14:00 - 14:30 - Refreshments

14:30 - 15:30 - Tribute to Henry Primakoff: Tests of Chiral Perturbation Theory via Primakoff Reactions, Murray Moinester, Tel Aviv University

Abstract: I review experimental tests of three-flavor (u,d,s) chiral perturbation theory (ChPT). These include measurements of pion and kaon polarizabilities, the chiral anomaly amplitudes for processes such as γ→πππ, γ→ππη and γ→KKπ, as well as the lifetimes of the neutral pion and eta. These observables are extracted primarily through ultra-peripheral Primakoff scattering of high-energy particles from virtual photons in the Coulomb field of nuclei. Comparing data to two-flavor and three-flavor predictions allows us to evaluate how well ChPT describes light meson dynamics and the role of the strange quark in spontaneous chiral symmetry breaking.

15:30 - 16:00 - Coffee break

16:00 - 17:00 -  Measurement of the 12C(p, 2p)11B Quasi-Elastic Knockout Reaction in Inverse Kinematics at High Momentum Transfer, Goran Johansson, Tel Aviv University

Abstract: In this talk, I will present two experiments performed at the Joint Institute for Nuclear Research (JINR) in Dubna, Russia, investigating quasi-elastic proton knockout in inverse kinematics.

In the first experiment (2018), we demonstrated that tagging the residual (A-1) fragment, 11B in our case, strongly suppresses contributions from initial- and final-state interactions (ISI/FSI). Significant re-scattering of the incoming or outgoing protons typically leads to breakup of the residual fragment, making the detection of an intact residual nucleus an effective signature for clean quasi-elastic knockout events.
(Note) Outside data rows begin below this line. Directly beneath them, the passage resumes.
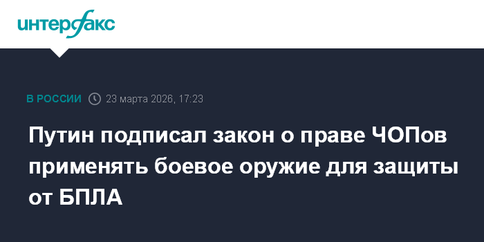 Москва. 23 марта. INTERFAX.RU - Президент РФ Владимир Путин подписал закон о предоставлении права специализированным частным охранным организациям получать в Росгвардии боевое стрелковое оружие для защиты охраняемых объектов от беспилотников.
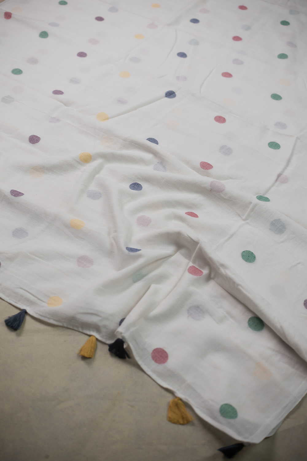 Colorful Buttas - Cream Jamdani Cotton Saree
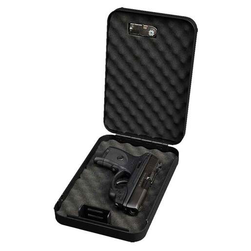 Bulldog Personal Vault Combination Lock Pistol Safe - The Bulldog Personal Cobmination Lock Vault is designed for maximum security. Its 18 gauge steel deluxe heavy duty metal combination lock and deluxe egg crate foam keep your valuables secure in place. Included is a heavy duty steel security cable and its unique hinge design keeps the lid open in position. Black powder coat finish Combination / Key entry Egg crate foam interior Security cable / T2 keys Meets TSA firearm guidelines for travel 18 gauge steel finish
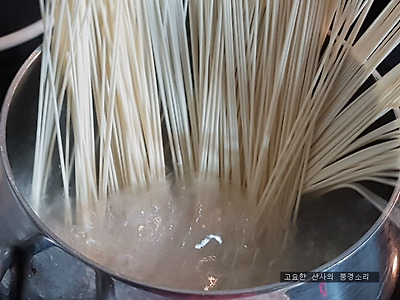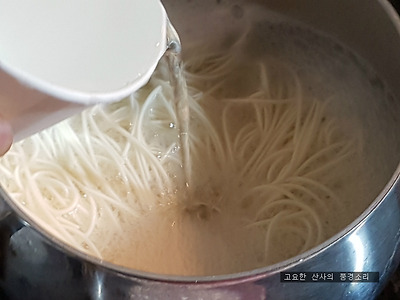 ㉠ 물이 끓으면 국수를 넣고 깜짝물을 부어가며 삶아준다.
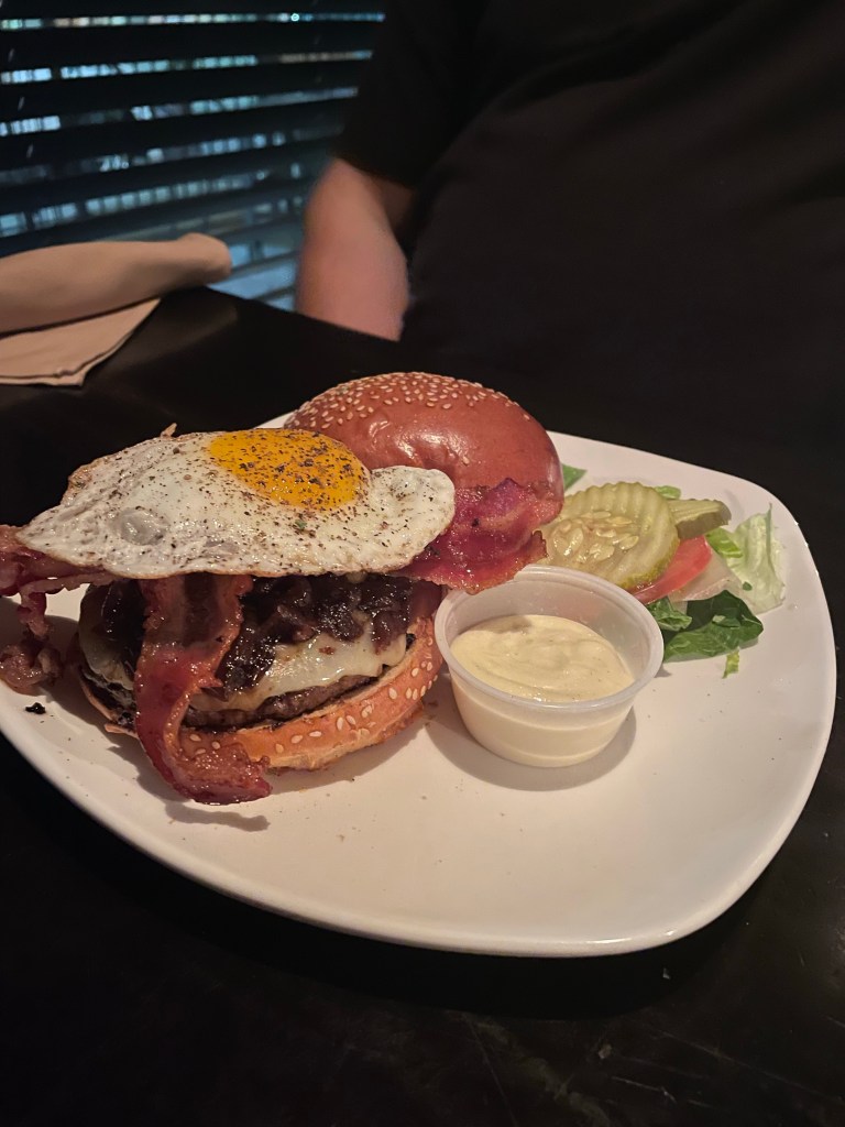 For food, Ted got the Shawn’s burger, which is distinguished but the fact that it has a fried egg on it.
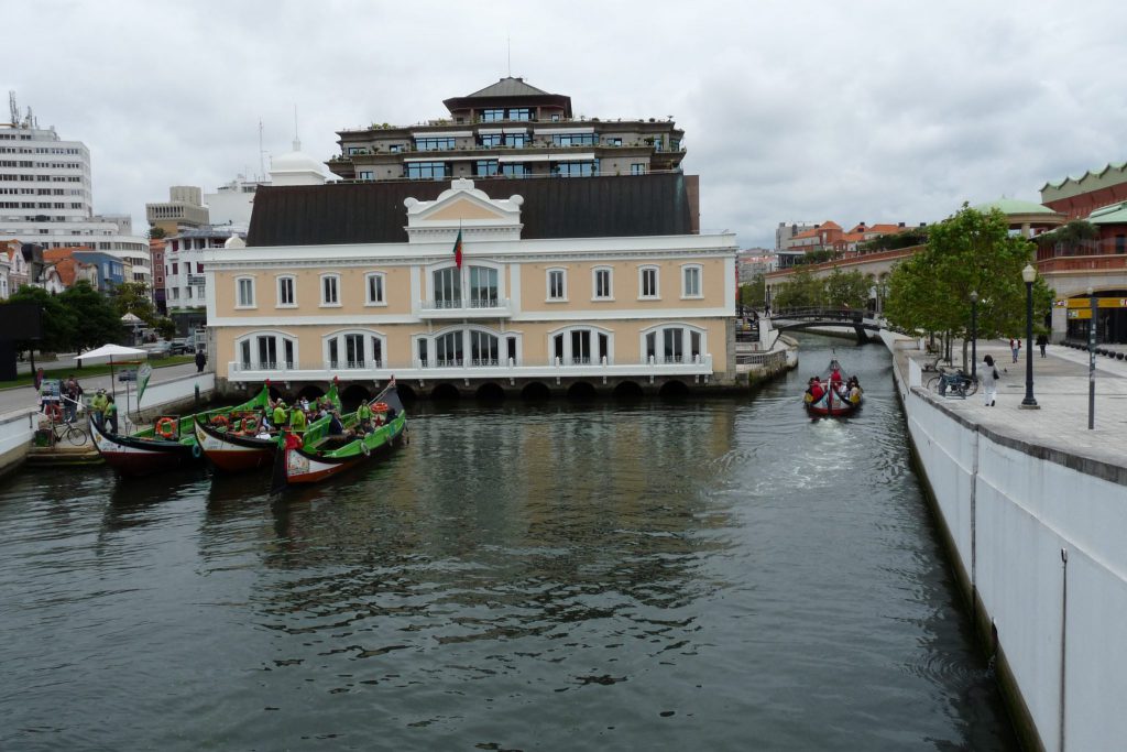 Aveiro „przyciągające turystów rozlewiskami rzeki Vouga oraz samą zabudową, uroczo rozłożoną nad kanałami niczym w Wenecji, Amsterdamie czy Bydgoszczy.”(cytat z przewodnika). To prawda. Urocze miasto. Do Amsterdamu jednak jest mu bardzo, bardzo daleko. Jako urozmaicenie – na moście zamiast kłódek – wiesza się kolorowe wstążeczki.
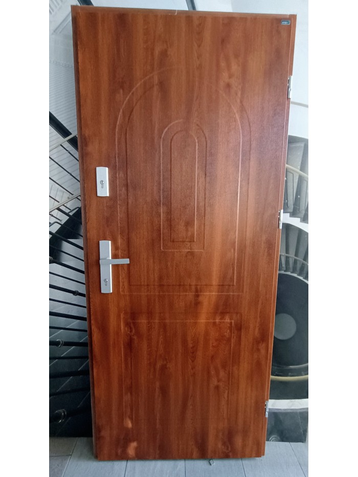 Drzwi Wikęd Premium 80N P zewnętrzne do domów i mieszkań. Kolor złoty dąb, wymiar zewnętrzny 90/207. ościeżnica stalowa kątowa 9 cm, klamka , kpl. wkładek

An open question in nuclear physics is the origin of the observed quenching of the spectroscopic strength relative to the Independent Particle Model (IPM) prediction. At low momentum transfer, both electron- and hadron-induced knockout measurements have consistently reported quenching values of approximately 60% across a broad range of nuclei. This reduction is commonly attributed to a combination of nuclear correlations — both short- and long-range — and reaction mechanism effects.

At higher momentum transfer, however, electron-scattering experiments have shown evidence for a substantial restoration of the single-particle strength, with extracted values approaching 90%. In a follow-up experiment (2022), we measured the absolute cross section of the same reaction and compared it to Independent Particle Model calculations. A quenching factor of 96±5% was extracted, consistent with the high-momentum-transfer electron-scattering results. This probe-independent behavior provides important constraints on the interpretation of spectroscopic strength and opens the door to improved theoretical descriptions of quasi-elastic knockout reactions.